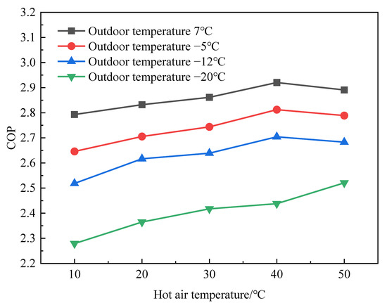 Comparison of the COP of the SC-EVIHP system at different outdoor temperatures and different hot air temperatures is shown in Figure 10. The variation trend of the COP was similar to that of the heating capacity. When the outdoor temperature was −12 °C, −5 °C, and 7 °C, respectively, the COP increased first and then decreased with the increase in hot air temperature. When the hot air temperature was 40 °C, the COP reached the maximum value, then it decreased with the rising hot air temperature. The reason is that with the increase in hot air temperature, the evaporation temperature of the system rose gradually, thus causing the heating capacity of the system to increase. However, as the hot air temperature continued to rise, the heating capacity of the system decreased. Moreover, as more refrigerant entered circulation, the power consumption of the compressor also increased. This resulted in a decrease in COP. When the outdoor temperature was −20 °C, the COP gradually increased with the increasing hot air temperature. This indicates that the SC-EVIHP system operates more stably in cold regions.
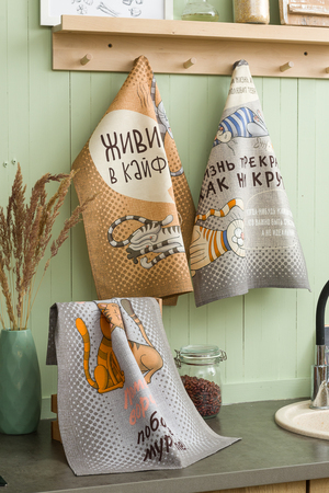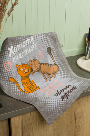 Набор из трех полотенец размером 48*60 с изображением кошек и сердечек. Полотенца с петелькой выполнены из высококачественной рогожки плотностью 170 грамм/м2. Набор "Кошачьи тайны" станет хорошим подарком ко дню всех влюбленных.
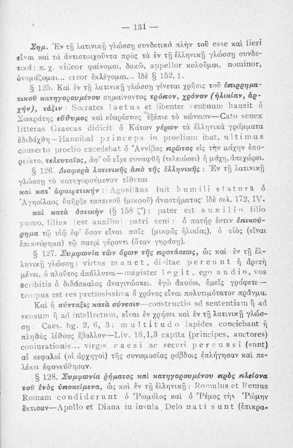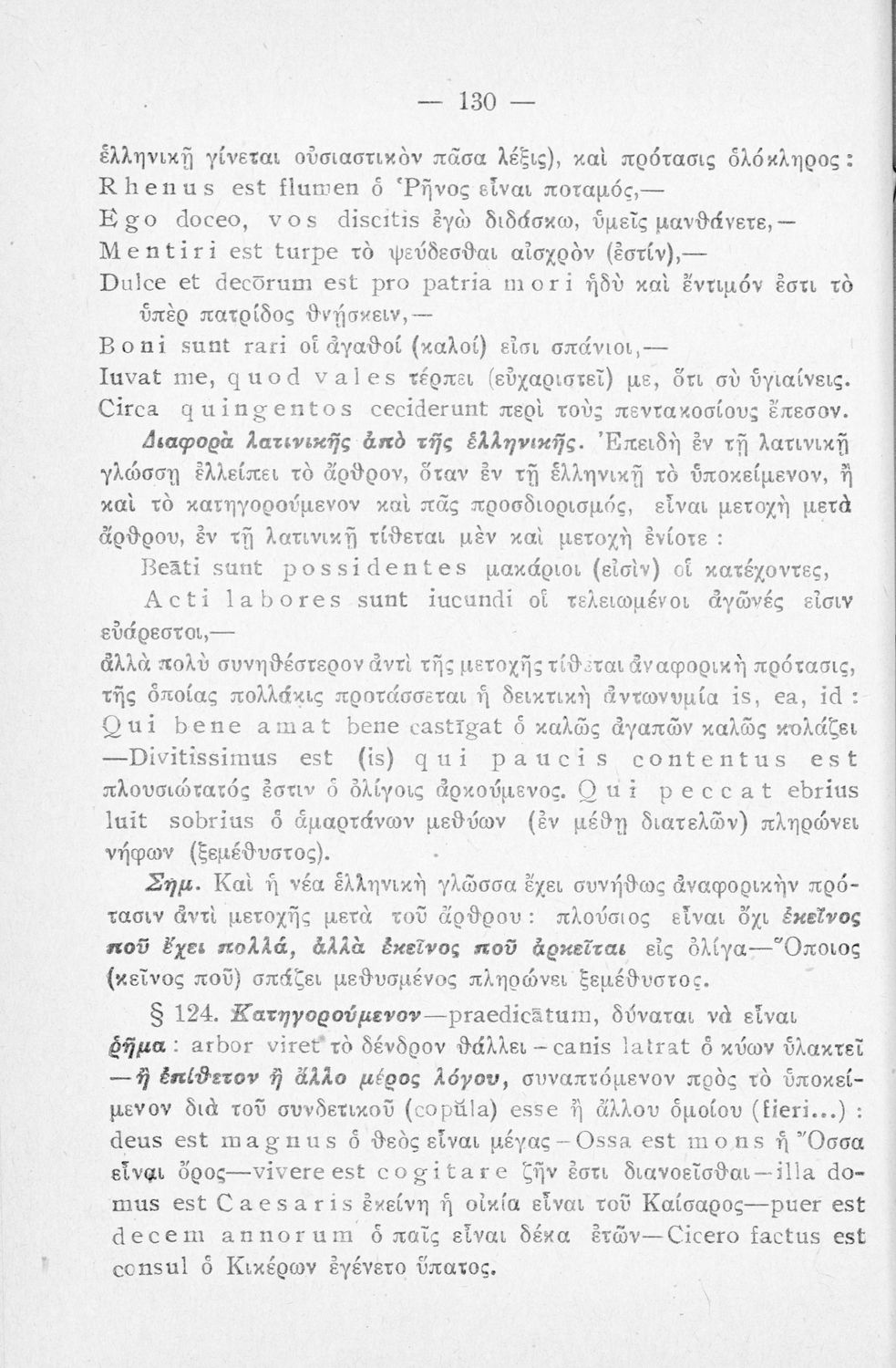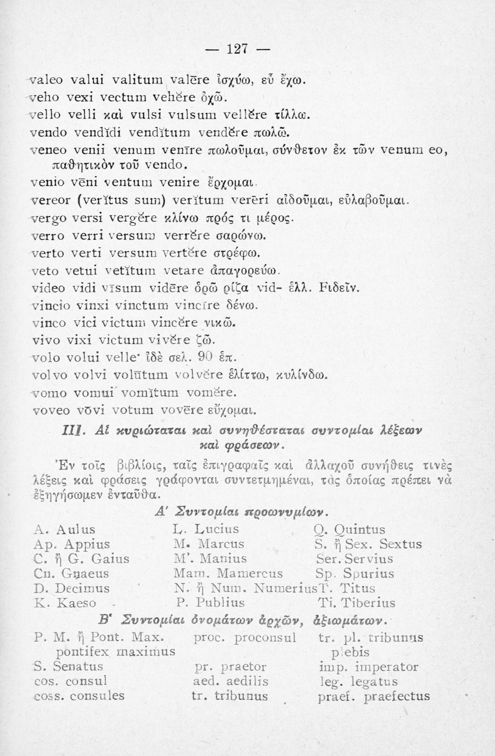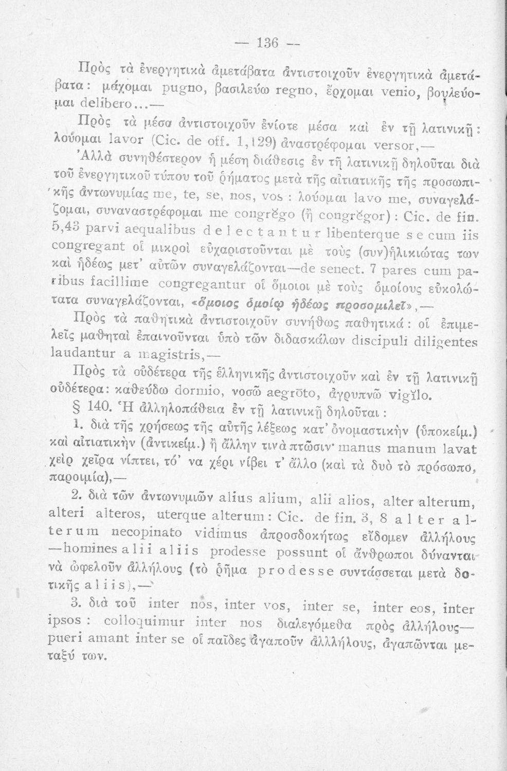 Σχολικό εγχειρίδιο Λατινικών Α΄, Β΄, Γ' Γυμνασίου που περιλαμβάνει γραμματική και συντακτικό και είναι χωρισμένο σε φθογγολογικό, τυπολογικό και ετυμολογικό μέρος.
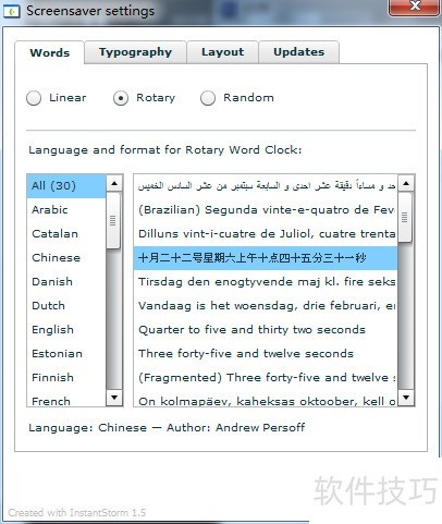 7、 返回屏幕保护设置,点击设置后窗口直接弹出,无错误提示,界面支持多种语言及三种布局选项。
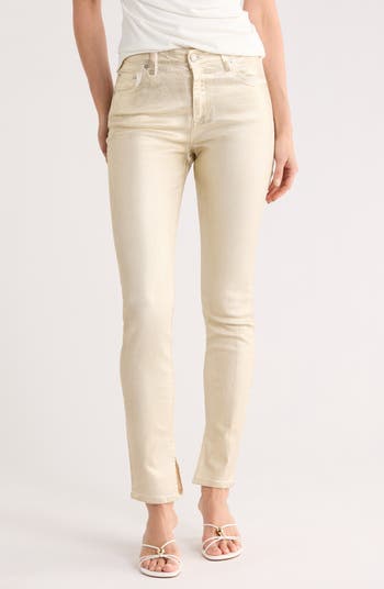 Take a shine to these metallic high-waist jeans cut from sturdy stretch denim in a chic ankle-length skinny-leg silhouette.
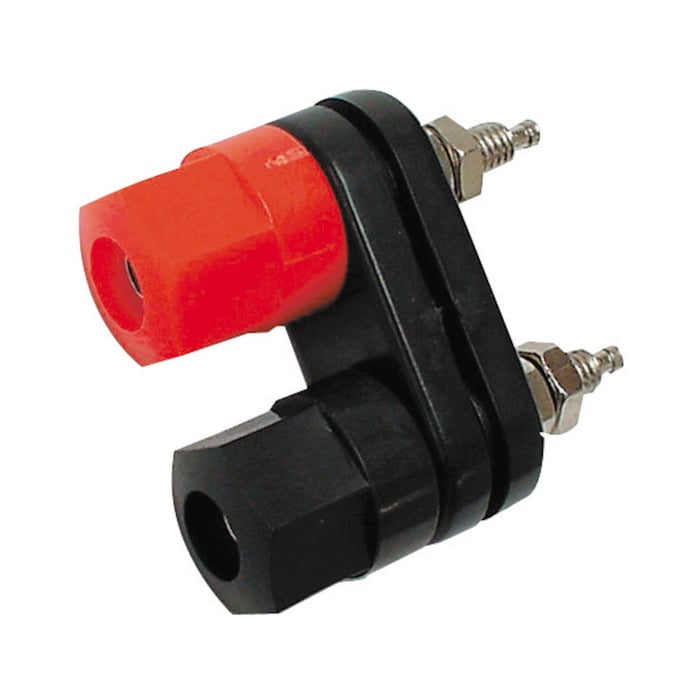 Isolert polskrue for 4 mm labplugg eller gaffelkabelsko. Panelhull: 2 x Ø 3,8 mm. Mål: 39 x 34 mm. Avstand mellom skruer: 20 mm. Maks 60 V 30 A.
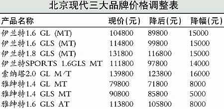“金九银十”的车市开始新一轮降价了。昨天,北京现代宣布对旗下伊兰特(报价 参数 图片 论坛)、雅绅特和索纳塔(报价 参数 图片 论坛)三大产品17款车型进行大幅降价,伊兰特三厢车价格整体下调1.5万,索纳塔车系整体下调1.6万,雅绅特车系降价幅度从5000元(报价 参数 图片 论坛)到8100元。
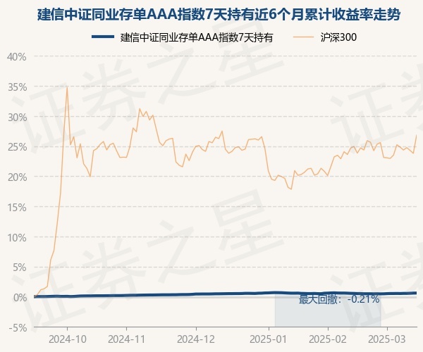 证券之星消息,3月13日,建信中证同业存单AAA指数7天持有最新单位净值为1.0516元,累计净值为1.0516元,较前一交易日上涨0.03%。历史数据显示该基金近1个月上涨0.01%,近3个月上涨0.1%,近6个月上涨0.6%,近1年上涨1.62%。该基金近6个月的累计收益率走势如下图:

_ _ _

**Your instructions:** Return verbatim every line from the one holding "参数 图片 论坛)到8100元。" to the end of the records above. Do not copy the pictures.

**Output below:**
“金九银十”的车市开始新一轮降价了。昨天,北京现代宣布对旗下伊兰特(报价 参数 图片 论坛)、雅绅特和索纳塔(报价 参数 图片 论坛)三大产品17款车型进行大幅降价,伊兰特三厢车价格整体下调1.5万,索纳塔车系整体下调1.6万,雅绅特车系降价幅度从5000元(报价 参数 图片 论坛)到8100元。
 证券之星消息,3月13日,建信中证同业存单AAA指数7天持有最新单位净值为1.0516元,累计净值为1.0516元,较前一交易日上涨0.03%。历史数据显示该基金近1个月上涨0.01%,近3个月上涨0.1%,近6个月上涨0.6%,近1年上涨1.62%。该基金近6个月的累计收益率走势如下图:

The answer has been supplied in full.